The story of the threatened demise of the maples begins with the settling of the land and introduction of livestock that was confined to pastures year round by fencing. Livestock, particularly goats, when confined to pastures year round consume all of the seedling trees for food and thereby prevent the natural renewal of trees to replace those that die from natural causes. In addition, protection of the livestock requires the removal of predators such as coyotes, wolves, mountain lions, bears, etc. The white-tail deer, which coexists with all this activity, are the accidental beneficiaries of the removal of the predators. To top it all off, the greatest enemy of the deer, the screw worm, has been virtually eradicated. With no natural enemies, the deer population exploded. At the present time, with the overgrazing that exists in most of the county, the deer herd alone can prevent the renewal of any of the hardwood trees by consuming all of the seedlings that nature can create. Lost Maples Park has had to resort to planting trees and protecting them from the deer with cages, because no hardwood tree seedlings have survived since the early 1970’s (since the eradication of the screw worm) existed in the park! The Texas Forest Service confirms that the same situation exists in the rest of Bandera County and are actively encouraging the replanting of hardwood trees.
In the Guadalupe Mountain National Park the same problem existed before the park was created. With the removal of livestock and the protection of all wildlife the natural systems restored themselves and today their forest is in a state of full recovery with thousands of small trees of all sizes growing in the canyons. A large and healthy deer herd lives there also, but it is in a natural balance with the predators and the food supply. A trip to this park allows one to see what the Bandera County forests were like in the not too distant past!
Good stewardship of the land requires that we recognize problems such as this one and do what we can to rectify them. Bringing the deer population into its natural balance with nature is a worthy, but exceedingly difficult goal in the absence of their natural predators. In the meantime, planting more of the maples in protective cages will help decorate our countryside with these beautiful trees and keep plenty of them in the plant community.

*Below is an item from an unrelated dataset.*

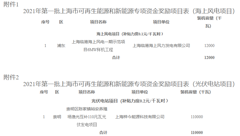 1.2021年第一批上海市可再生能源和新能源專項資金獎勵項目表(海上風(fēng)電項目)1個

Guadalupe Mountain National Park
Guadalupe Mountains National Park is located in West Texas and contains Guadalupe Peak, the highest point in Texas at 8,749 feet (2,667 m). It also contains El Capitan, long used as a landmark by people traveling along the old route later followed by the Butterfield Overland Mail stagecoach line. The park covers 86,367 acres (134.95 sq mi; 349.51 km2) and is in the same mountain range as Carlsbad Caverns National Park which is located about 25 miles (40 km) to the north in New Mexico. Many well-established trails exist in the park for hiking and horse-riding.
The park also contains McKittrick Canyon. During the Fall, McKittrick comes alive with a blaze of color from the turning Bigtooth Maples, in stark contrast with the surrounding Chihuahuan Desert.